For long I always wanted to be involved in Meetups or User Groups to meet like minded people, hear great lectures and gain knowledge. So on searching around I found the group ‘Sydney Microsoft Analytics and Data Science’ and immediately joined it whose next meetup was on a topic that had a bit of mystique around it – Power BI and Machine Learning.
The mere mention of the word Machine Learning conjures up images of unending machines in a warehouse in an underground bunker manned by security guards and a team of rag-tag scientists mulling around outside watching giant screen and monitoring people. Something similar to the way Mr.Robot sends some code and kaboom a company goes down or the way the ‘Machine’ of Person of Interest is programmed by Mr.Finch. Anyway I am drifting myself. Point I am getting at is Machine Learning seems to be a very abstract topic that I still need to get my head around it.
So having Power BI and Machine Learning at one place intrigued me. The session was organized by Grant Paisley who somehow reminded me of one of the important character from Outlander. I reached the place 10 minutes to the scheduled time and could see lot of people already there.
Grant started off with a bit of apology owing to the fact that his laptop on which he had his presentation had some problem and now he is going to make use of one of his friends and an attendee. So he started off explaining the general outline of what the talk is going to be, the end result that we are to expect and the way to go about getting it.
The PowerBI application showed the variance of house real estate prices containing about 20 different parameters on which a user can analyze, the chief filter being the Location hierarchy. It was a very impressive dashboard having lot of detailed analysis and multiple pages. It looked pretty complex. Grant told us this was a project he had done for a banking client to give them an understanding of their customer’s expectations.

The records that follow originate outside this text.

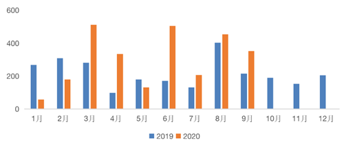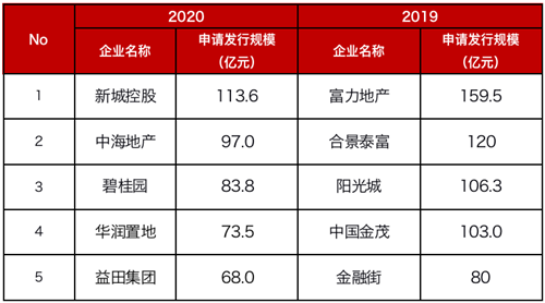 房企新申請(qǐng)ABS發(fā)行規(guī)模(億元)2019VS2020
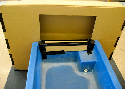 I added a third box on one side of the table. This one I did not embed. Rather I cut a hole in the side on the bottom. That left me a flap. I then cut a matching hole in the big box and was able to tape the flap from the smaller box into the bigger box.
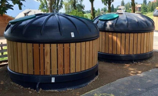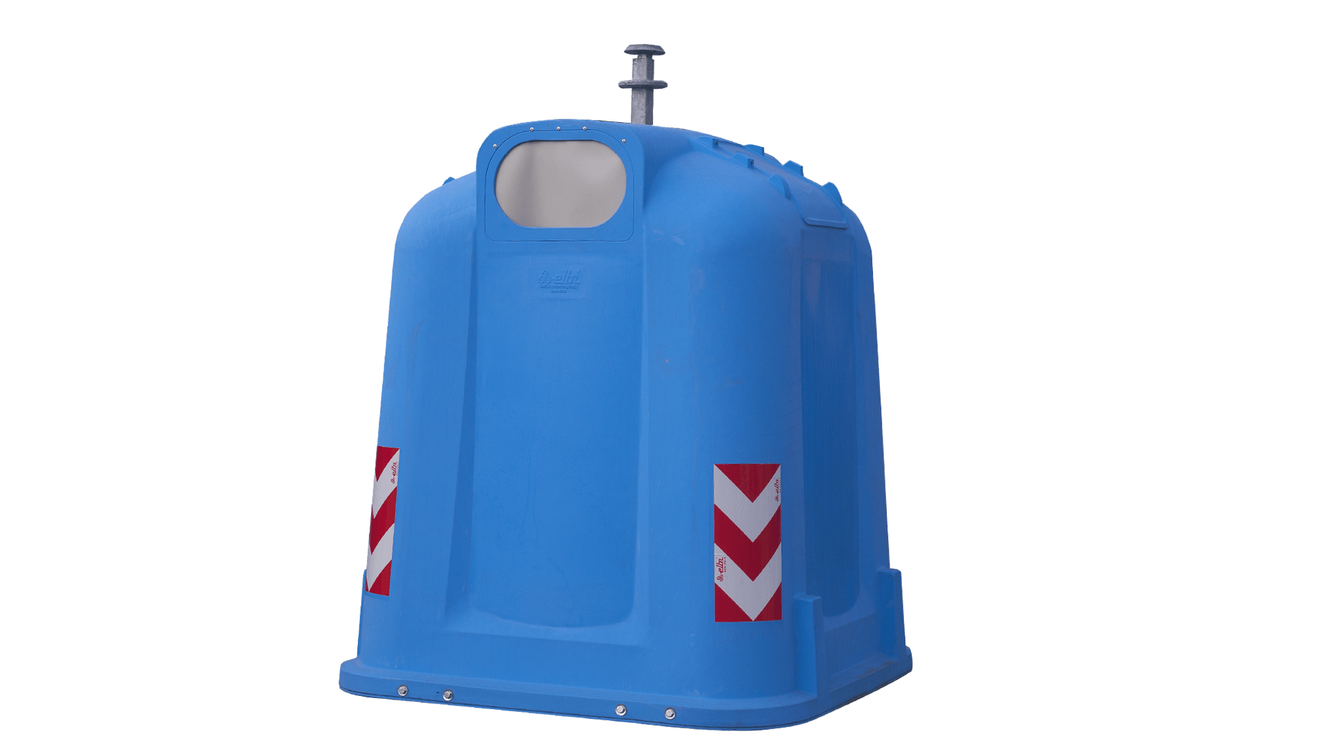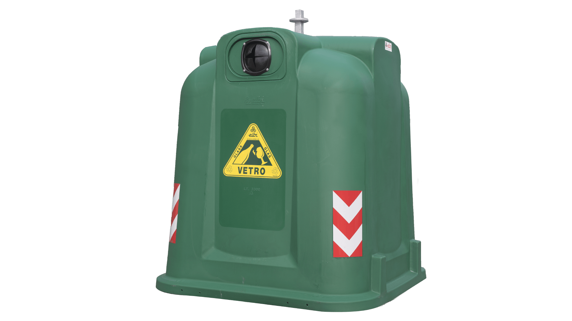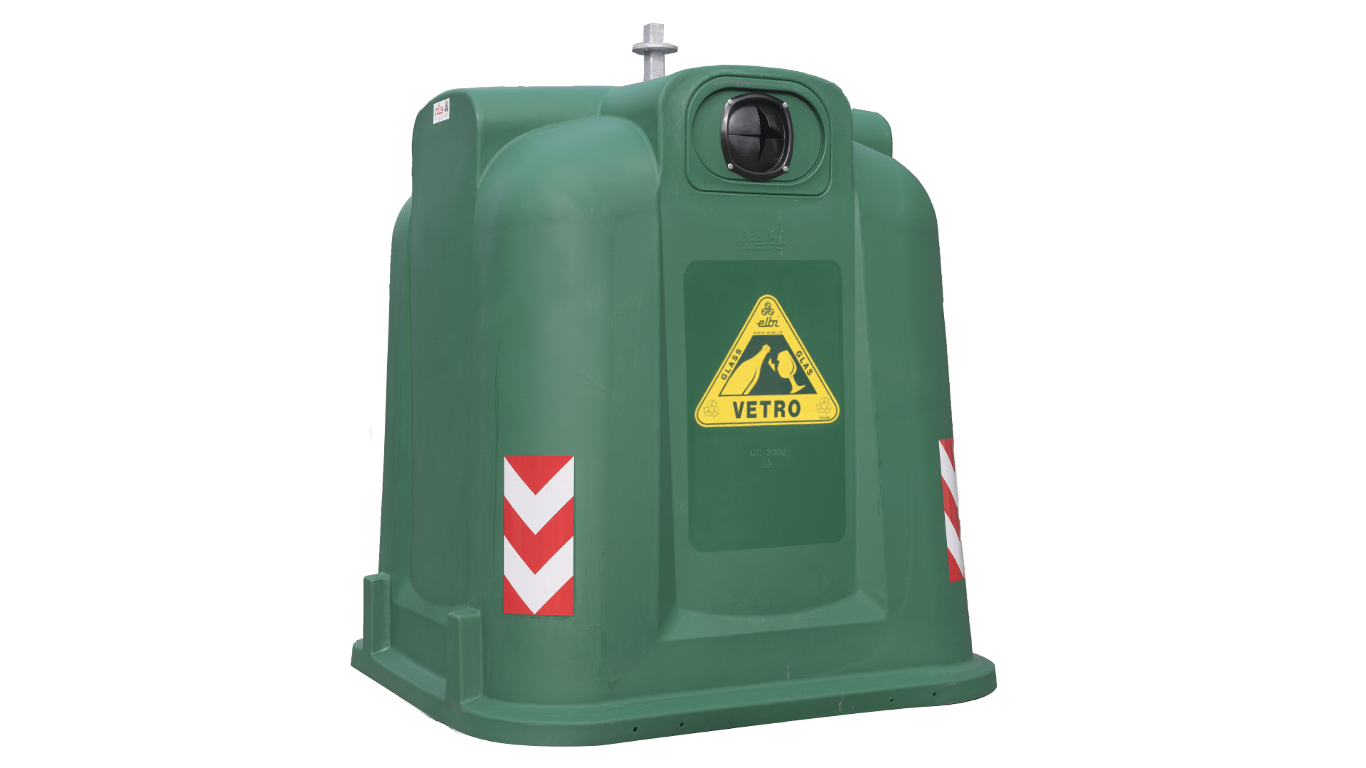 Vasta scelta di campane per rifiuti, di capienza e colori diversi. Per il sollevamento e lo svuotamento, tutte le campane possono essere fornite di un apposito doppio gancio, gancio automatico KINSHOFER o gancio NORD ENGINEERING.

The next steps went as follows –
- Overview of the raw data was given. The raw data that was shown had about at least 600 columns with more than 1000 rows per column. 3 to 4 columns formed a group and so there were say 200 groups.
- Setup excel sheet was demoed which contained the various parameters that Power BI would be utilizing as an input to dice the data. An excellent idea which hitherto I didn’t think was possible. I mean I always thought the filters on Power BI are the only ones available to play the data with. It was bit of news to me that the Power BI dashboard can be passed parameters.
- Raw data was first loaded into Power BI desktop.
- A copy of Raw data was dumped as a new dataset. Excepting the headers all the detail row data was deleted.A new column was added as header and so for all the 600 odd header columns that were there, each had a column name starting with Column1 to Column600. Data was then transposed i.e. unpivoted. So we had Column1, Header1,Attribute1
- Similar approach was followed next but this time all the details data was retained and headers deleted. A link was then established between Header data and Detail data along with a Date Dimension.
- A flat file was then generated as an output from Power BI which was then fed into Azure Machine Learning on the cloud. This was the part where it got over my head. They used some data mining algorithms to dissect the data further with an explanation of each step.
Grant then gave us an explanation on white board of how the whole process involved. By that time the clock had ticked an hour.
The session was very engaging and the unpivoting the data and the ability to dissect a non-tabular raw data gave me a very good insight into the whole range of possibilities that are possible with Power BI using which I intend to do my first foray into strengthening my knowledge on it.
It was an engaging session, very captive audience. I had a very good time.